There was a certain karmic irony to this, as back in the spring I’d gotten all high & mighty on mi drummer, after he’d smashed a similar pane of glass in Cagliari, after an argument with his girlfriend over whether he could take the local stray street-cats home. In this instance I was just clearly pissed, for which I apologised profusely, did some cute kissing & shit & seem’d to get away with it.


Day 7

After apologising to my new lady friend, the rest of the day was quite Eat Pray Love which seem’d to make up for my nonsense the previous night. First port of call was Kola beach, a lovely spot at the end of a terrible road, with wild waves & a freshwater lagoon to paddle in. After this we continued north to Cabo de Rama, an old Portuguese fort with splendid views of a miraculous bay, at the other side of which we observed a restaurant clinging to the cliffs. Driving out there, we passed a mad Russian flying a three-wheeler wheelchair-paraglider, & then just as the red sun was dipping below the clouds, we walk’d along a practically deserted beach to reach the restaurant. So romantic! Cue fresh fish & wonderfully warm sensations of having a lovely time at a place called, appropriately, ‘Mi Amore.’

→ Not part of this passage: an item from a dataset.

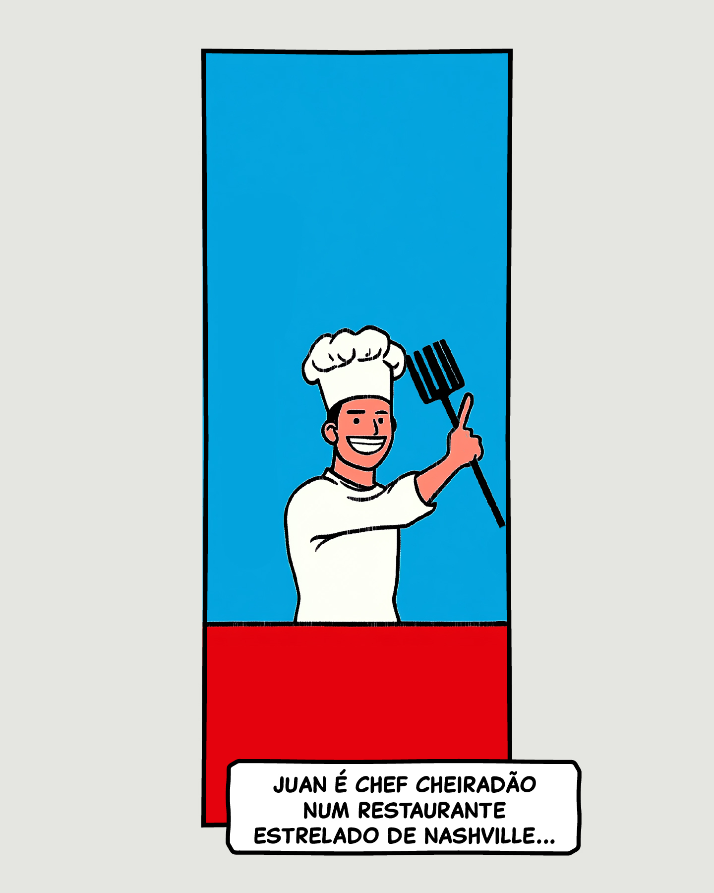 1. Juan: Chef sorridente segurando um garfo gigante. Texto: "JUAN É CHEF CHEIRADÃO NUM RESTAURANTE ESTRELADO DE NASHVILLE..."
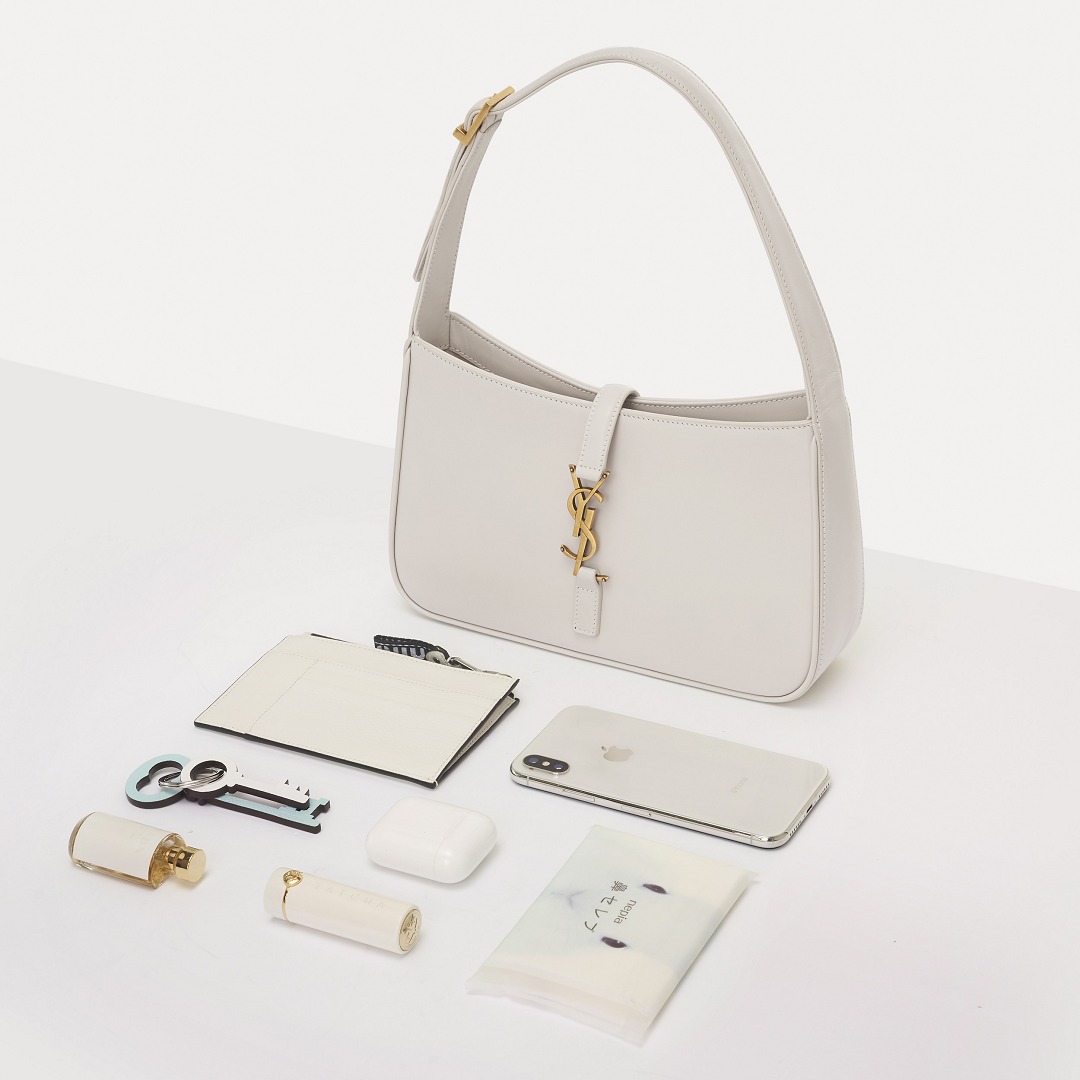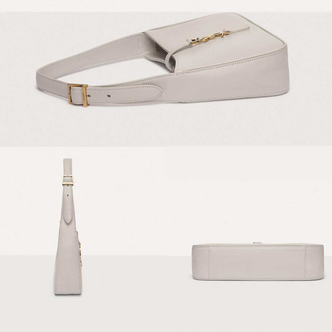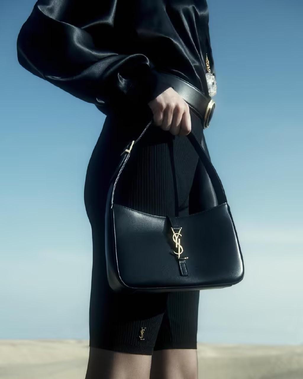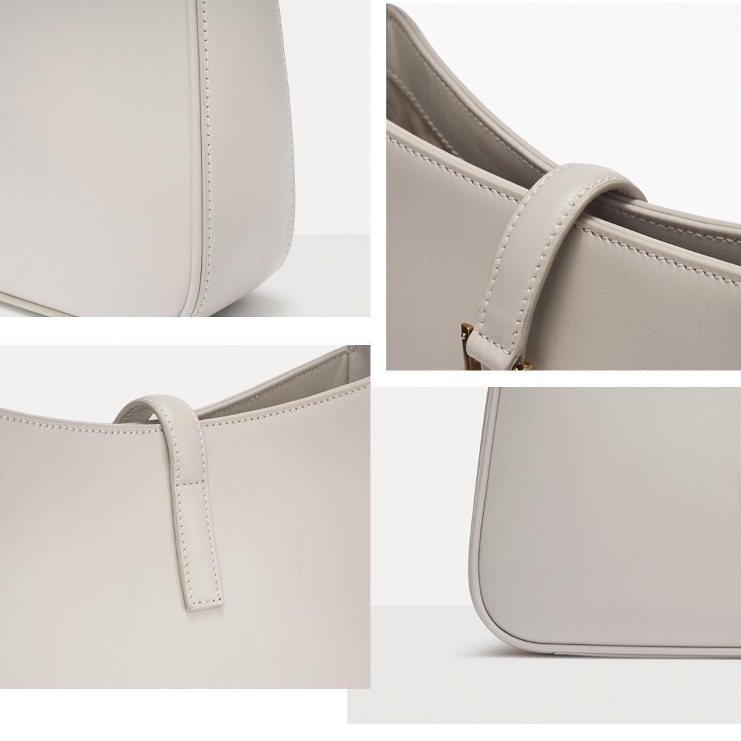 It adopts a minimalist Hobo bag shape with the brand's iconic YSL logo buckle,

We drove back a good hour thro the night, accompanied by the constant chorus of chirping insects, cutting thro swathes thro moody junglerie. Then, back at Palolem, we drank wine on the beach, ending a perfect day in the horizontal fashion in a tired, but the happiest of glows. It was to be our last night together, alas, for she was heading to Thailand the next day. Our liaison was brief but beautiful, & yeah, I’m fucking loving India, me!